Using only the periodic table inside the front cover of the text, write the expected ground-state electron configurations for a. the third element in Group \(5 \mathrm{~A}\). b. element number 116 . c. an element with three unpaired \(5 d\) electrons. d. the halogen with electrons in the \(6 p\) atomic orbitals.
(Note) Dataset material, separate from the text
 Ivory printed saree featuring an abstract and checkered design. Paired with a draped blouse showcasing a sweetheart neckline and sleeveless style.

First, we need to find the third element in Group 5A using the periodic table. Group 5A corresponds to elements with an outer electron in the p-block and 5 valence electrons. Counting down three elements in the group gives us nitrogen (N). The electron configuration of nitrogen can be written as follows: \(1s^2 \ 2s^2 \ 2p^3\) So, the expected ground-state electron configuration for the third element in Group 5A is: \(1s^2 \ 2s^2 \ 2p^3.\)
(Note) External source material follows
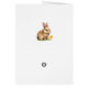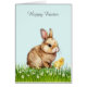 Mignonne lapin de Pâques avec poussette et fleurs Carte de Joyeux Vacances. Le texte peut être personnalisé pour Pâques ou Anniversaire. Les lapins symbolisent la longévité, l'abondance et la bonne fortune.

We need to find the electron configuration for element number 116. This element is located in the p-block, specifically in the 7th period and has the symbol Lv (Livermorium). The electron configuration of Livermorium can be written as follows: \(1s^2 \ 2s^2 \ 2p^6 \ 3s^2 \ 3p^6 \ 4s^2 \ 3d^{10} \ 4p^6 \ 5s^2 \ 4d^{10} \ 5p^6 \ 6s^2 \ 4f^{14} \ 5d^{10} \ 6p^5\) So, the expected ground-state electron configuration for element number 116 is: \(1s^2 \ 2s^2 \ 2p^6 \ 3s^2 \ 3p^6 \ 4s^2 \ 3d^{10} \ 4p^6 \ 5s^2 \ 4d^{10} \ 5p^6 \ 6s^2 \ 4f^{14} \ 5d^{10} \ 6p^5.\)
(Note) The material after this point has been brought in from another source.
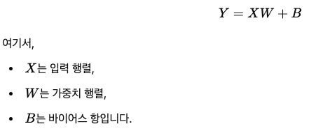 원래의 Transformer에서는 선형층에 바이어스항이 포함되어 있었습니다. 일반적인 선형변환은 다음과 같이 계산됩니다.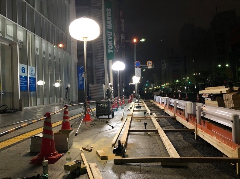 23時の最終バスの通過後、今回施工を担っていただく、安藤ハザマさんによる作業がスタート。

In this part, we need to find an element with three unpaired 5d electrons. We look for an element whose electron configuration contains the subshell 5d with 3 unpaired electrons. Among the transition metals, the 5d subshell starts filling with Hafnium (Hf, atomic number 72). Counting three elements from Hafnium in the periodic table, we find Tantalum (Ta, atomic number 73). The electron configuration of Tantalum is: \(1s^2 \ 2s^2 \ 2p^6 \ 3s^2 \ 3p^6 \ 4s^2 \ 3d^{10} \ 4p^6 \ 5s^2 \ 4d^{10} \ 5p^6 \ 6s^2 \ 4f^{14} \ 5d^3\) So, the element with three unpaired 5d electrons is Tantalum (\(1s^2 \ 2s^2 \ 2p^6 \ 3s^2 \ 3p^6 \ 4s^2 \ 3d^{10} \ 4p^6 \ 5s^2 \ 4d^{10} \ 5p^6 \ 6s^2 \ 4f^{14} \ 5d^3\)).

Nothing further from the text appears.